*** Opening Available data ***

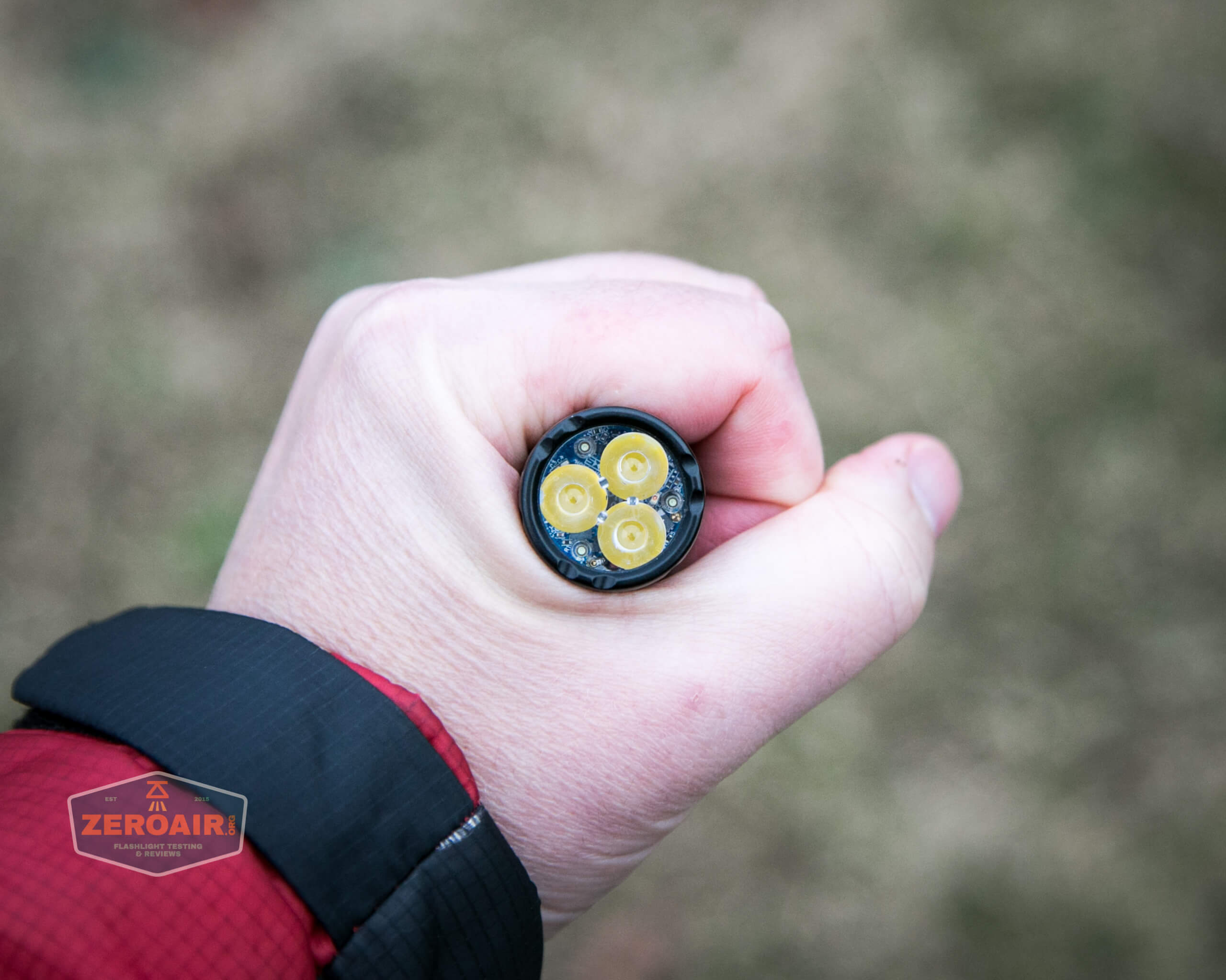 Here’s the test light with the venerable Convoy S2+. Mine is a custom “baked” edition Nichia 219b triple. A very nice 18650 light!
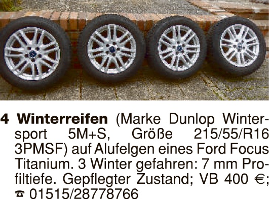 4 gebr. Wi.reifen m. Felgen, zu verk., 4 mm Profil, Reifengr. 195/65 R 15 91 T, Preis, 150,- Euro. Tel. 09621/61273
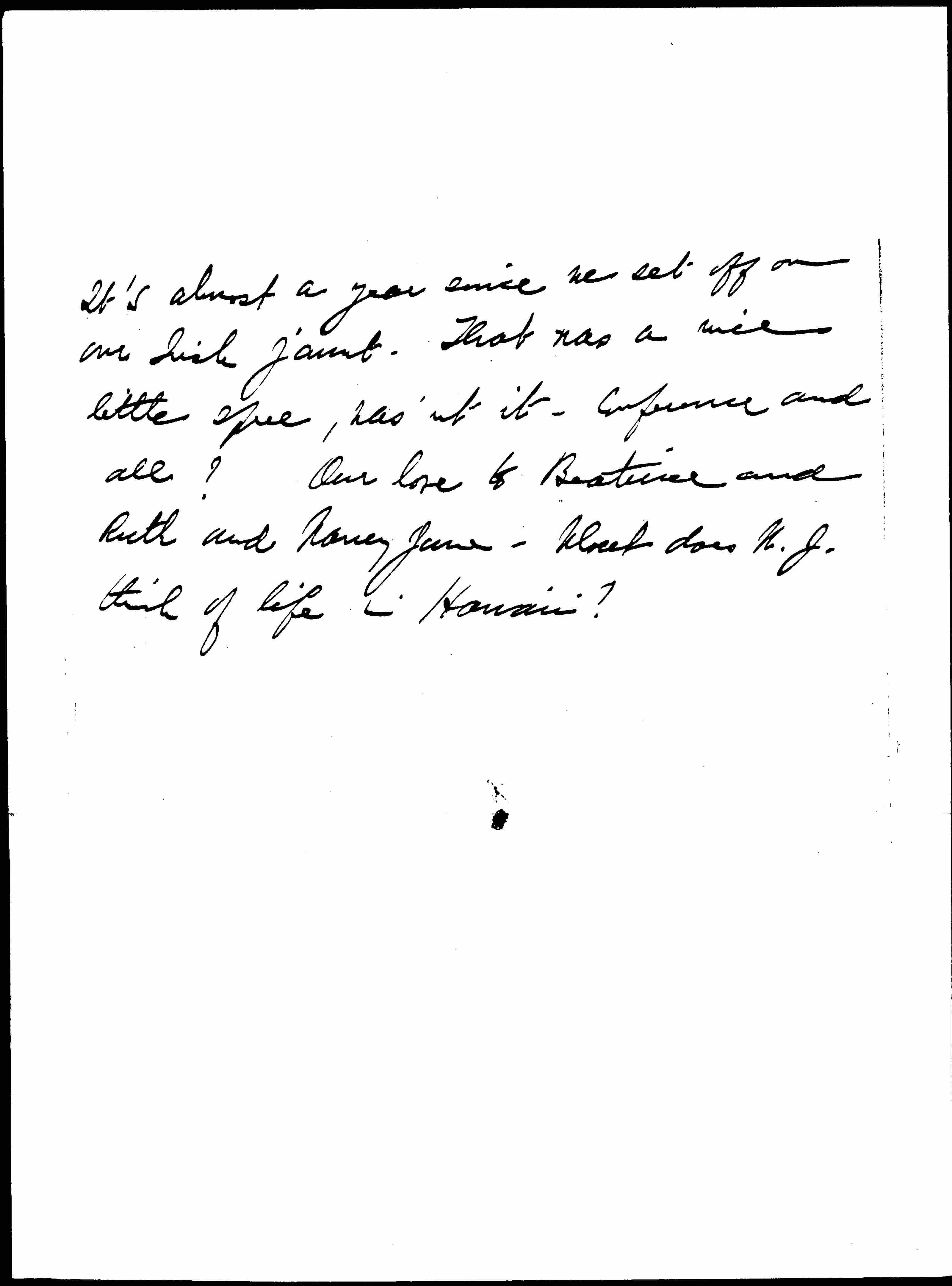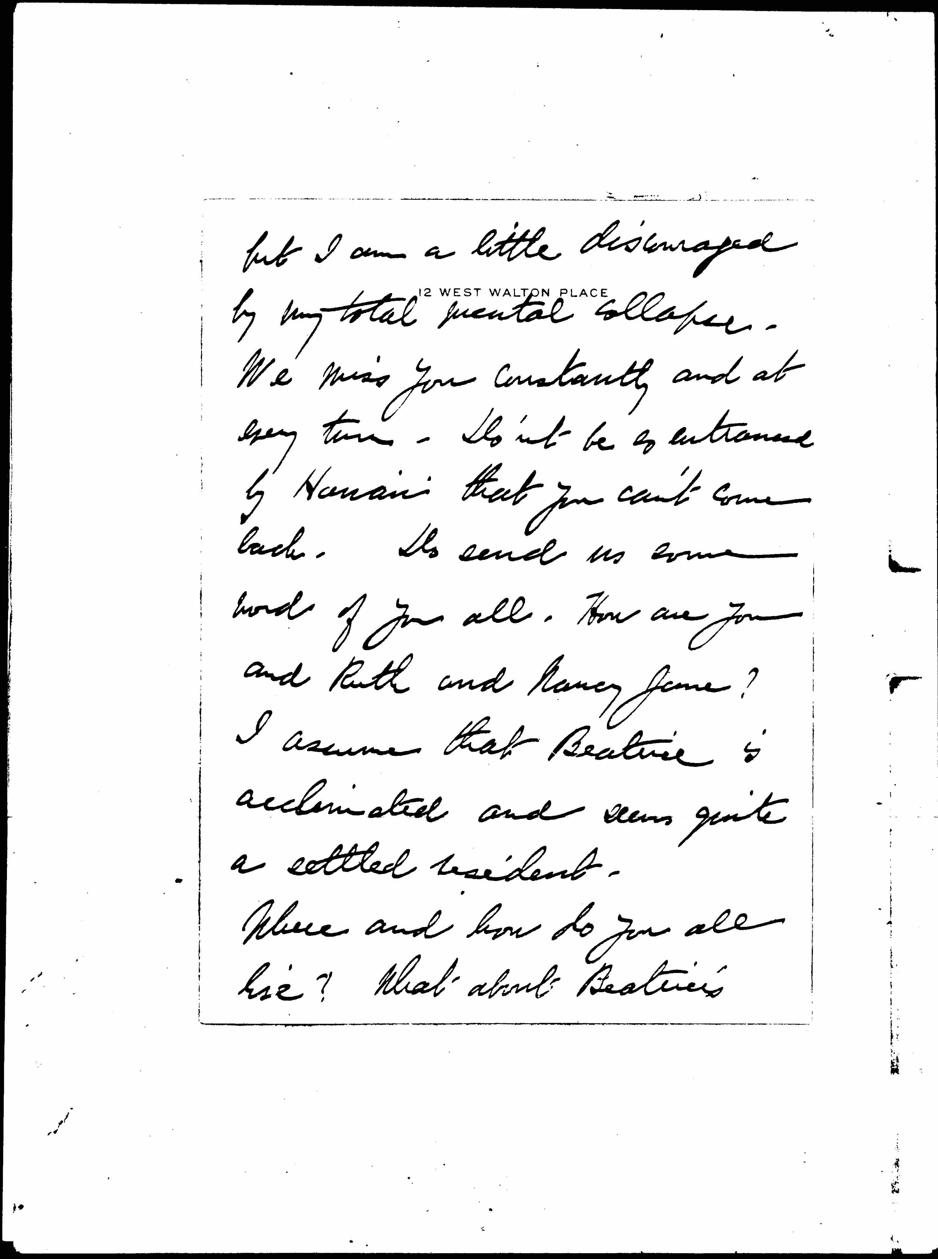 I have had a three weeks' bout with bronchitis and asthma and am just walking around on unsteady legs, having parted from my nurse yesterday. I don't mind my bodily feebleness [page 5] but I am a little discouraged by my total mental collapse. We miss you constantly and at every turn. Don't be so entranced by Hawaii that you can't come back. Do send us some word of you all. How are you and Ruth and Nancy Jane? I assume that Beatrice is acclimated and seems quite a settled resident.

*** Closing Available data ***

- Aim of the task
Please retype the listing above word for word, skipping each picture.

- Task output
 Here’s the test light with the venerable Convoy S2+. Mine is a custom “baked” edition Nichia 219b triple. A very nice 18650 light!
 4 gebr. Wi.reifen m. Felgen, zu verk., 4 mm Profil, Reifengr. 195/65 R 15 91 T, Preis, 150,- Euro. Tel. 09621/61273
 I have had a three weeks' bout with bronchitis and asthma and am just walking around on unsteady legs, having parted from my nurse yesterday. I don't mind my bodily feebleness [page 5] but I am a little discouraged by my total mental collapse. We miss you constantly and at every turn. Don't be so entranced by Hawaii that you can't come back. Do send us some word of you all. How are you and Ruth and Nancy Jane? I assume that Beatrice is acclimated and seems quite a settled resident.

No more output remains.